[881] See above, § [408, p. 519, note 3].
[882] Accordingly, in January 1912, during the Turco-Italian War, the Italian gunboat Volturno, after having overhauled, in the Red Sea, the British steamer Africa going from Hodeida to Aden, took off and made prisoners of war Colonel Riza Bey and eleven other Turkish officers. Although the Declaration of London is not yet ratified by Great Britain, she did not protest. The case of the Manouba ought likewise to be mentioned here. This French steamer, which plies between Marseilles and Tunis, was stopped on January 16, 1912, by an Italian cruiser in the Mediterranean, and twenty-nine Turkish passengers, who were supposed to be Turkish officers on their way to the theatre of war, were forcibly taken off and made prisoners. On the protest of France, the captives were handed over to her in order to ascertain whether they were members of the Turkish forces, and it was agreed between the parties that the case should be settled by an arbitral award of the Permanent Court of Arbitration at the Hague, Italy asserting that she had only acted in accordance with article 47 of the Declaration of London.
The Declaration of London does not mention the case of enemy despatches embodying intelligence found on board such a neutral vessel as may not herself be captured for such carriage.

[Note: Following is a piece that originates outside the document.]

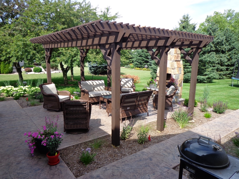 Custom trellis work stained to match pergola. Little Lime Hydrangea planted in front of trellis.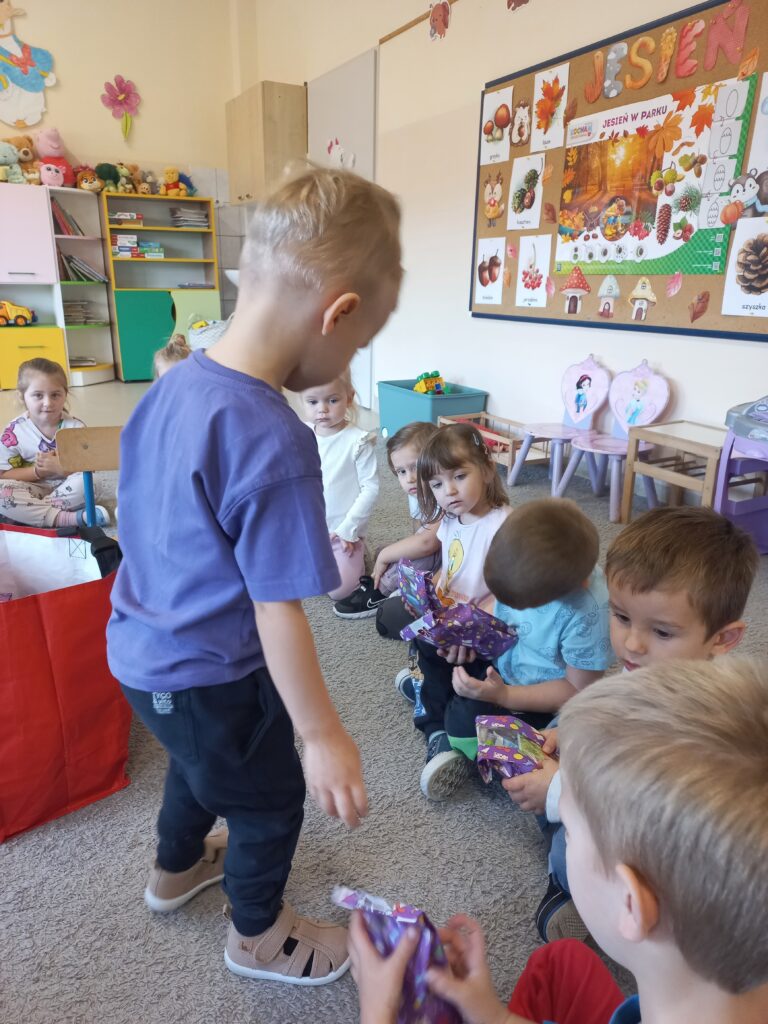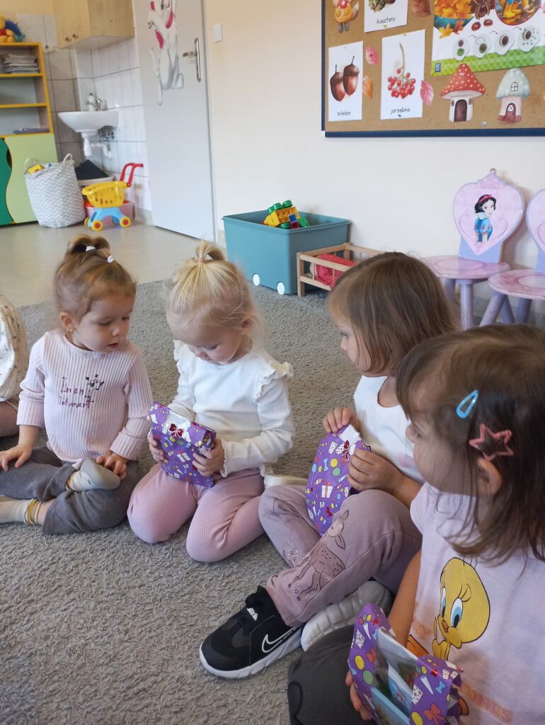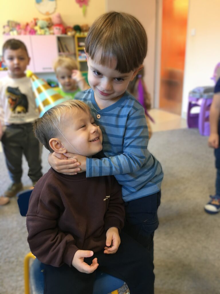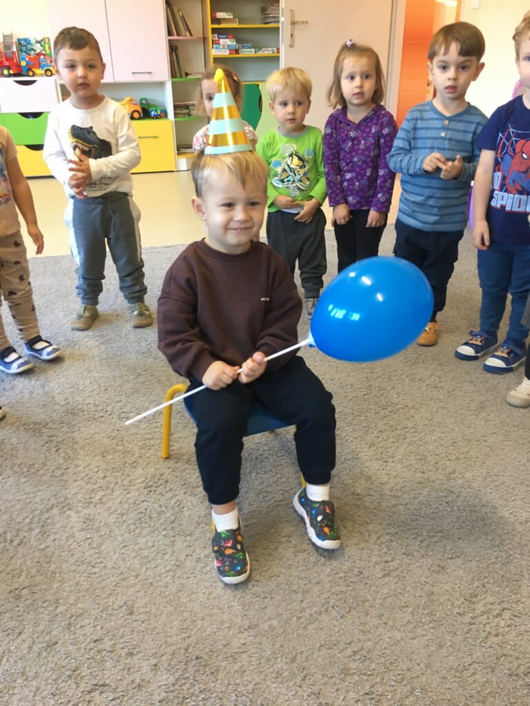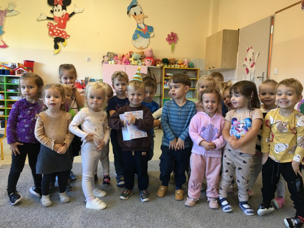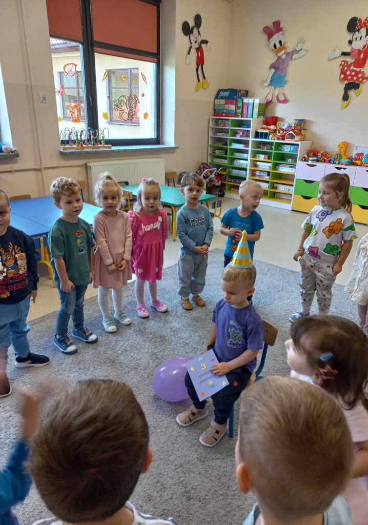 W październiku świętowaliśmy urodziny Bartusia i Olusia. To był wyjątkowy dzień pełen radości, muzyki i wspólnej zabawy. Dzieci złożyły solenizantom serdeczne życzenia, zaśpiewały gromkie „Sto lat”, a chłopcy otrzymali urodzinowe kartki od całej grupy.

For instance, in the case of a mail steamer pursuing her ordinary course and carrying a despatch of the enemy not in her mail bags but separately, the vessel may not, according to article 45, be seized. In this, and similar cases, may despatches be seized without the seizure of the vessel? It has been pointed out above, § [409], that, in a case of necessity, self-preservation would justify a belligerent in temporarily detaining such a liner for the purpose of preventing the intelligence from reaching the enemy. This certainly fits the case of a vessel transmitting oral intelligence. But if a vessel carried despatches, the necessity of detaining her ceases through seizure of the despatches themselves. The question—see above, § [412]—as to whether in such cases the despatches may be seized without seizure of the vessel ought, therefore, in analogy with article 47 of the Declaration of London, to be answered in the affirmative.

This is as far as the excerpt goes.